You can read a full tutorial from perf wiki and that will give a good impression on this utility.
The main problem come when you need to understand why we have to use this utility in linux.
Intro A trivial use the top command will show you the necessary information about your Linux.
If you look closely you will notice that :
load average: 0.09, 0.05, 0.01
The three numbers represent averages over progressively longer periods of time (one, five, and fifteen minute averages). This means for us: that lower numbers are better and the higher numbers represent a problem or an overloaded machine. Now about multicore and multiprocessor the rule is simple: the total number of cores is what matters, regardless of how many physical processors those cores are spread across. Let's use this command: First I will record some data about my CPU:
[mythcat@localhost ~]$ perf record -e cpu-clock -ag
Error:
You may not have permission to collect system-wide stats.
Consider tweaking /proc/sys/kernel/perf_event_paranoid,
which controls use of the performance events system by
unprivileged users (without CAP_SYS_ADMIN).
The current value is 2:
-1: Allow use of (almost) all events by all users
>= 0: Disallow raw tracepoint access by users without CAP_IOC_LOCK
>= 1: Disallow CPU event access by users without CAP_SYS_ADMIN
>= 2: Disallow kernel profiling by users without CAP_SYS_ADMIN
[mythcat@localhost ~]$ su
Password:
[root@localhost mythcat]# perf record -e cpu-clock -ag
^C[ perf record: Woken up 17 times to write data ]
[ perf record: Captured and wrote 5.409 MB perf.data (38518 samples) ]
[root@localhost mythcat]# ls -l perf.data
-rw-------. 1 mythcat mythcat 5683180 Feb 21 13:24 perf.data
You can see the perf tool working with root account and result is owned by deafult user.
Let's show this data using the default user - mythcat and perf tool:[mythcat@localhost ~]$ perf report
The result of this command:

[mythcat@localhost ~]$ perf list
List of pre-defined events (to be used in -e):
branch-instructions OR branches [Hardware event]

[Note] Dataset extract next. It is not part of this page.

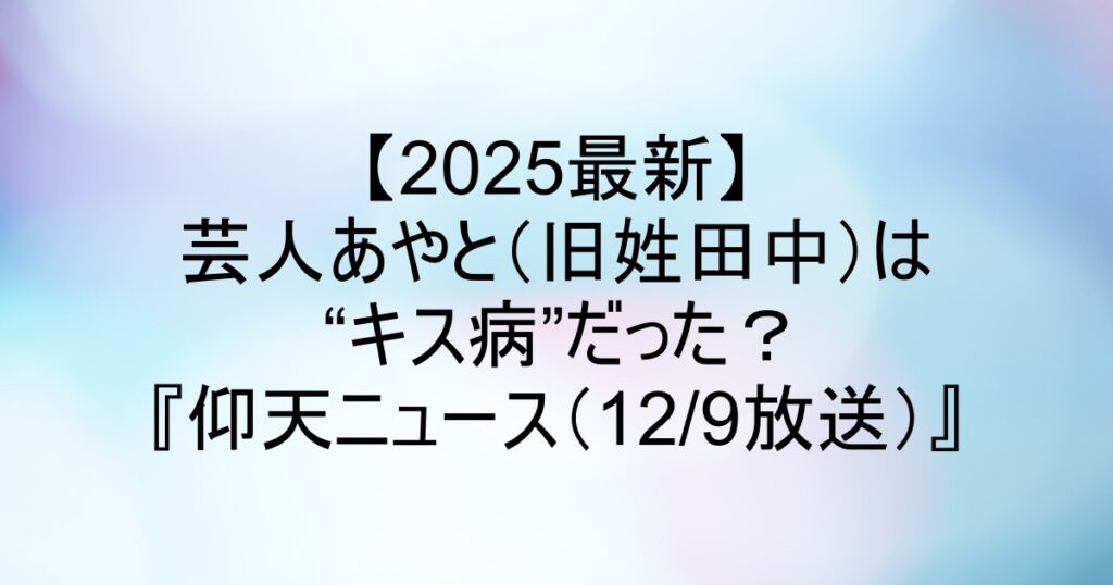 【2025最新】芸人あやと(旧姓田中)は“キス病”だった?『仰天ニュース(12/9放送)』

branch-misses [Hardware event]
bus-cycles [Hardware event]
cache-misses [Hardware event]
cache-references [Hardware event]
cpu-cycles OR cycles [Hardware event]
instructions [Hardware event]
ref-cycles [Hardware event]
alignment-faults [Software event]
bpf-output [Software event]
context-switches OR cs [Software event]
cpu-clock [Software event]
cpu-migrations OR migrations [Software event]
dummy [Software event]
emulation-faults [Software event]
major-faults [Software event]
minor-faults [Software event]
page-faults OR faults [Software event]
task-clock [Software event]
Let's see one event from this list and that will told us how Fedora working:
[root@localhost mythcat]# perf top -e minor-faults -ns comm
Is use the comm (keys are available: pid, comm, dso, symbol, parent, cpu, socket, srcline,
weight, local_weight) and the -ns args see the manual of perf command.
The result of this command is:

perf sched record # low-overhead recording of arbitrary workloads
perf sched latency # output per task latency metrics
perf sched map # show summary/map of context-switching
perf sched trace # output finegrained trace
perf sched replay # replay a captured workload using simlated threads
Try this example to see the to capture a trace and then to check
latencies (which analyzes the trace in perf.data record file).
perf sched record sleep 10 # record full system activity for 10 seconds
perf sched latency --sort max # report latencies sorted by max
You can also make a map of map of scheduling events by using this command:
[root@localhost mythcat]# perf sched record
This tutorial show you just only 1% of ways of using the perf command.